◆ WHAT THE TASK REQUIRES: Aside from the pictures, the entries should be given again exactly.
··········
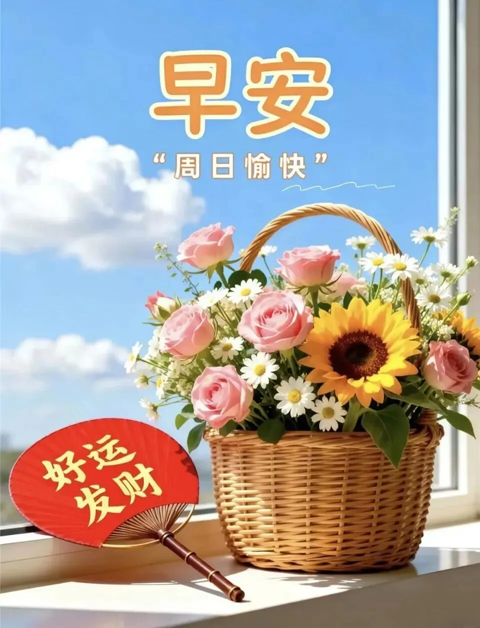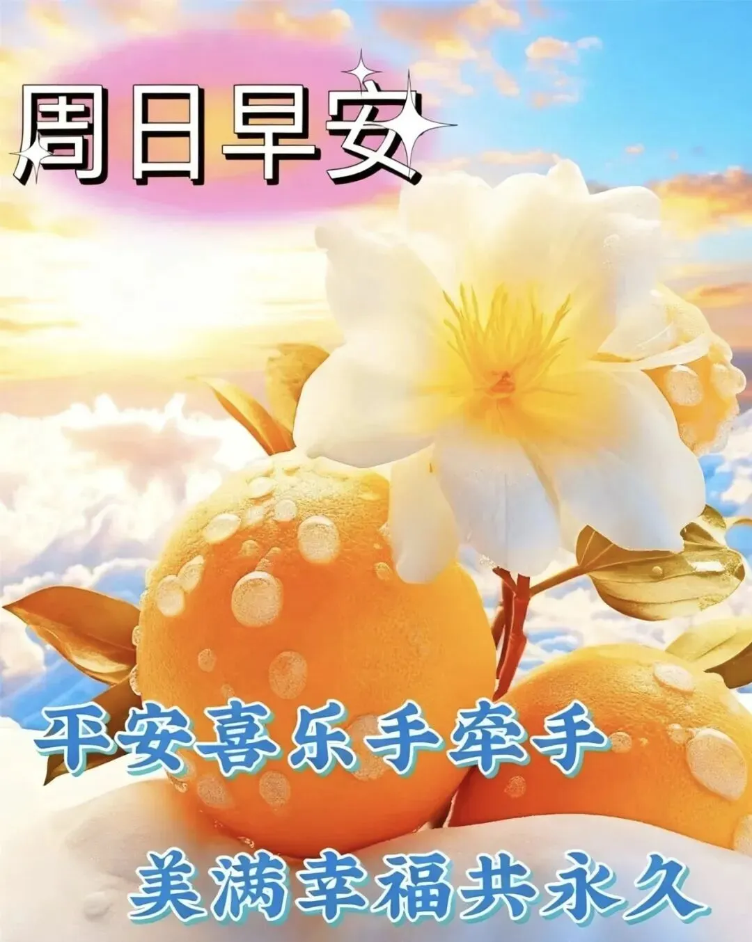 3. 周日早安🌞!愿清晨的第一缕阳光,照亮你前行的路,温暖你平凡的日常🌤。愿生活不拥挤,笑容不刻意,日子清欢,喜乐常伴,岁岁皆安康,年年皆胜意💖!
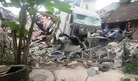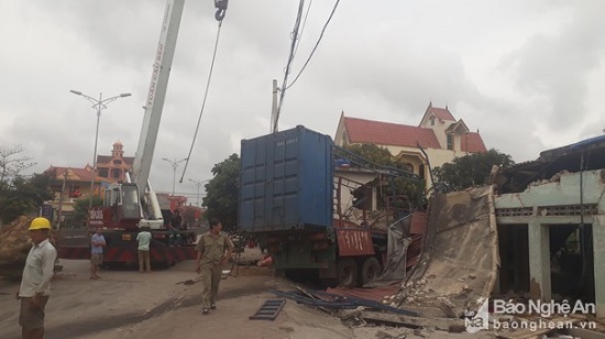 Hậu quả, chiếc ô tô container đã đâm đổ một loạt hộ lan, làm cong cột điện trước khi lao vào làm sập 3 nhà dân gồm hộ ông Hồ Sỹ Vượng, các bà Hồ Thị Tài và Nguyễn Thị Mỹ.
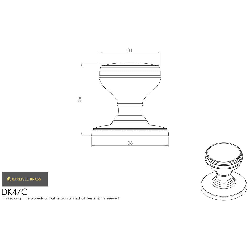 A plain topped knob with sweeping lines around the outer edge on a ringed tiered stem and rose. Designed to compliment the mortice knobs in the Delamain range. Available in different finishes and sizes.
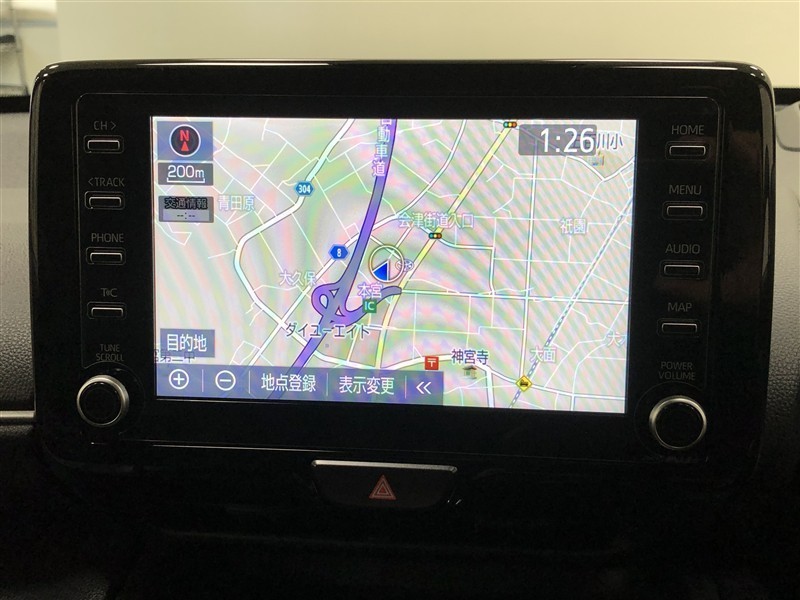 【8インチディスプレイオーディオ】各種オーディオ機能とスマホ連携機能を搭載。ナビキットを装着しているので、車載ナビとしても使用可能です。機能の詳細につきましては、展示店舗までお尋ねください。
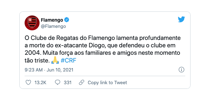 "O Clube de Regatas do Flamengo lamenta profundamente a morte do ex-atacante Diogo, que defendeu o clube em 2004. Muita força aos familiares e amigos neste momento tão triste".
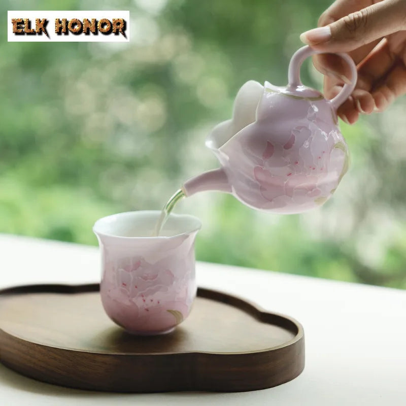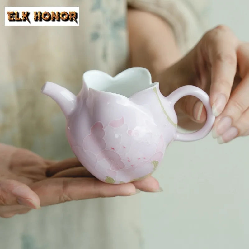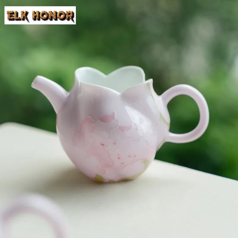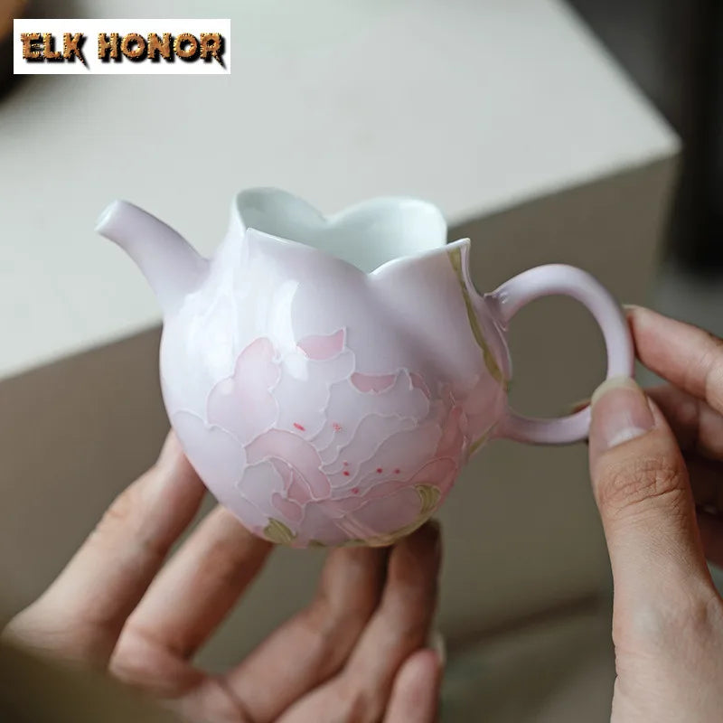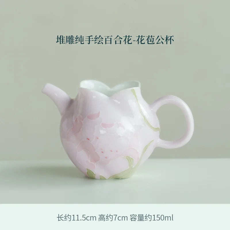 This beautifully crafted 150ml tea pitcher features hand-painted lily flower designs. Ideal for tea ceremonies, it serves as a perfect dispenser or cha hai for tea lovers, offering elegance and functionality.
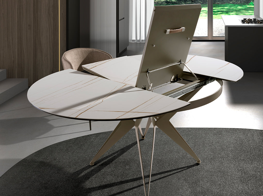 Tavolo da pranzo rotondo allungabile con base in acciaio e piano in marmo porcellanato
··········
◆ TASK RESPONSE:
 3. 周日早安🌞!愿清晨的第一缕阳光,照亮你前行的路,温暖你平凡的日常🌤。愿生活不拥挤,笑容不刻意,日子清欢,喜乐常伴,岁岁皆安康,年年皆胜意💖!
 Hậu quả, chiếc ô tô container đã đâm đổ một loạt hộ lan, làm cong cột điện trước khi lao vào làm sập 3 nhà dân gồm hộ ông Hồ Sỹ Vượng, các bà Hồ Thị Tài và Nguyễn Thị Mỹ.
 A plain topped knob with sweeping lines around the outer edge on a ringed tiered stem and rose. Designed to compliment the mortice knobs in the Delamain range. Available in different finishes and sizes.
 【8インチディスプレイオーディオ】各種オーディオ機能とスマホ連携機能を搭載。ナビキットを装着しているので、車載ナビとしても使用可能です。機能の詳細につきましては、展示店舗までお尋ねください。
 "O Clube de Regatas do Flamengo lamenta profundamente a morte do ex-atacante Diogo, que defendeu o clube em 2004. Muita força aos familiares e amigos neste momento tão triste".
 This beautifully crafted 150ml tea pitcher features hand-painted lily flower designs. Ideal for tea ceremonies, it serves as a perfect dispenser or cha hai for tea lovers, offering elegance and functionality.
 Tavolo da pranzo rotondo allungabile con base in acciaio e piano in marmo porcellanato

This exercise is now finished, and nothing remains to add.